[Dataset section]:
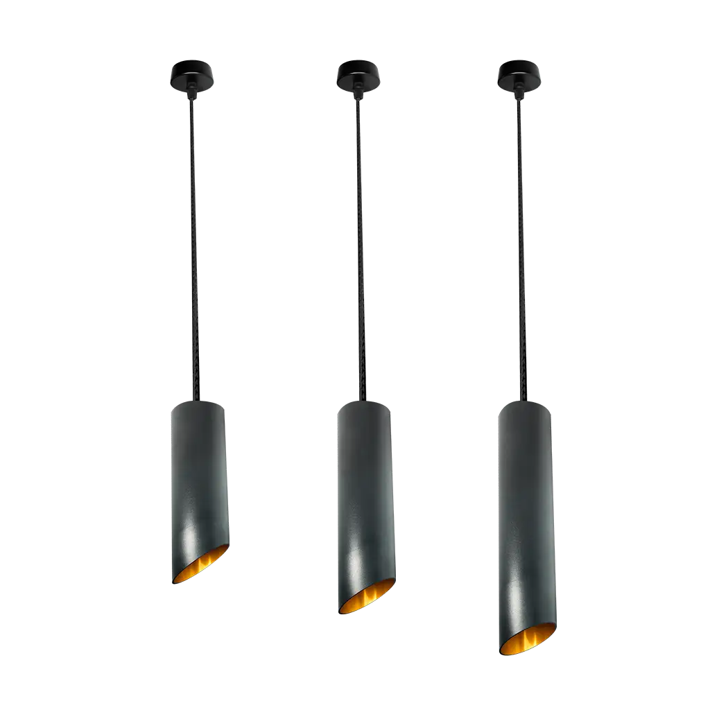 Luminario tubular de suspender para lámpara tipo dicroica GU10, máx 50 Watts, óptica 120°, 6 cm diam * 40 cm alto, 1 m cable, aluminio acabado negro/dorado, protección IP20
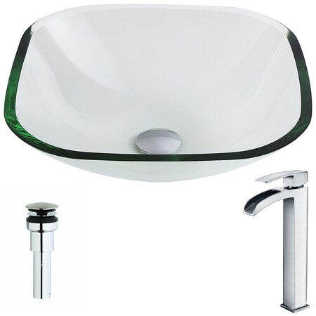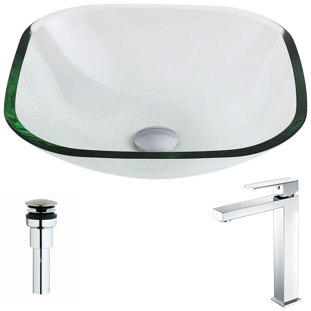 Tempered Glass Vessel Sink with Single Hole Single Handle Faucet - Clear - Cadenza Series LSAZ074-097 - ANZZI
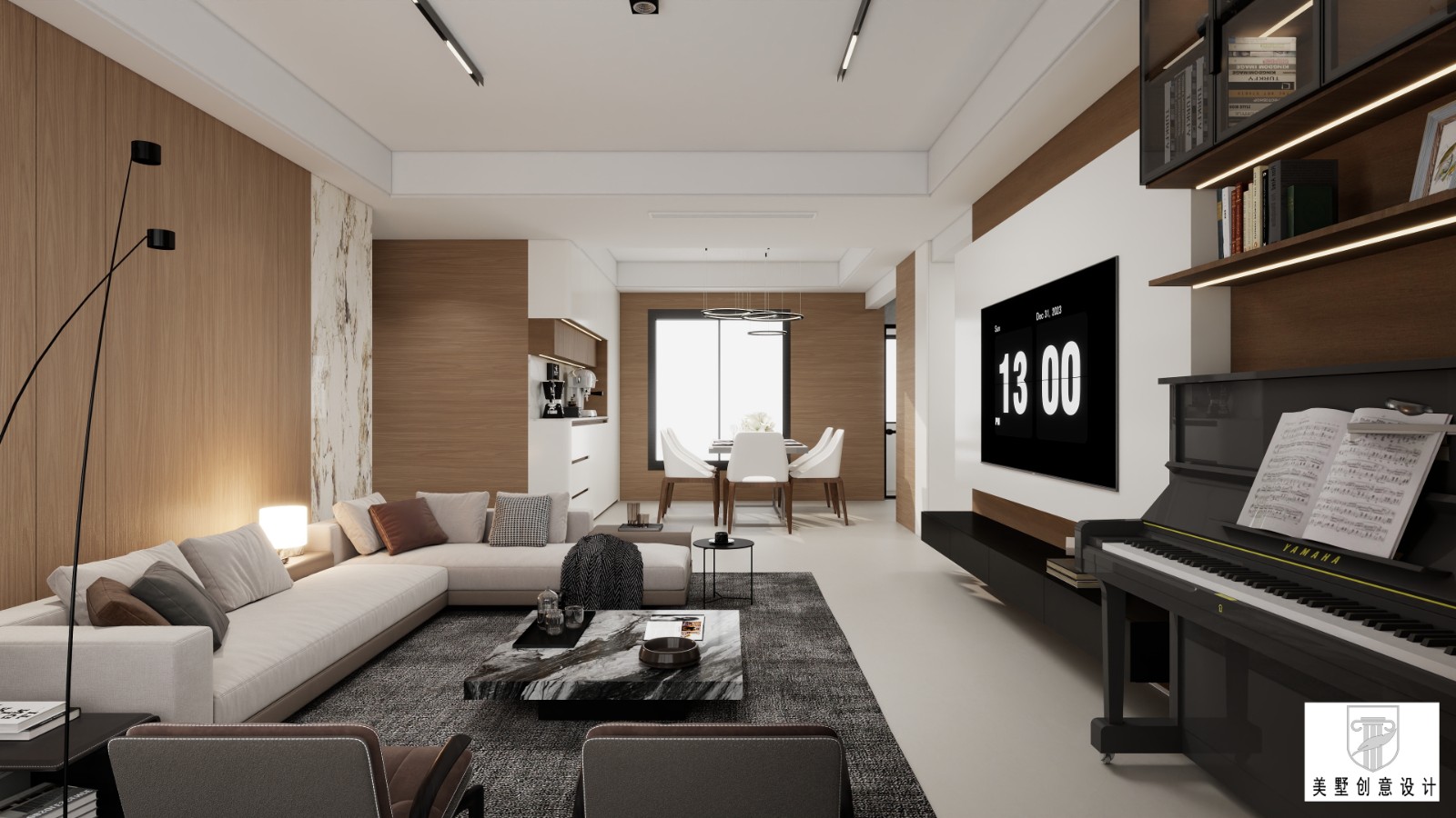 这是现代简约风格的客餐厅空间。整体以浅色调为主,搭配木饰面营造温馨感。客厅有L型沙发、茶几,电视墙简洁,嵌入大屏显示时间;餐厅在远端,靠窗设餐桌椅,空间开阔通透,还融入钢琴元素增添艺术氛围,灯光设计合理,营造出舒适且有格调的居住环境,应该是基于前面“白云尚城”户型的装修效果呈现 。

[Aim of the task]: Transcribe all lines above exactly, skipping pictures.

[Task result]:
 Luminario tubular de suspender para lámpara tipo dicroica GU10, máx 50 Watts, óptica 120°, 6 cm diam * 40 cm alto, 1 m cable, aluminio acabado negro/dorado, protección IP20
 Tempered Glass Vessel Sink with Single Hole Single Handle Faucet - Clear - Cadenza Series LSAZ074-097 - ANZZI
 这是现代简约风格的客餐厅空间。整体以浅色调为主,搭配木饰面营造温馨感。客厅有L型沙发、茶几,电视墙简洁,嵌入大屏显示时间;餐厅在远端,靠窗设餐桌椅,空间开阔通透,还融入钢琴元素增添艺术氛围,灯光设计合理,营造出舒适且有格调的居住环境,应该是基于前面“白云尚城”户型的装修效果呈现 。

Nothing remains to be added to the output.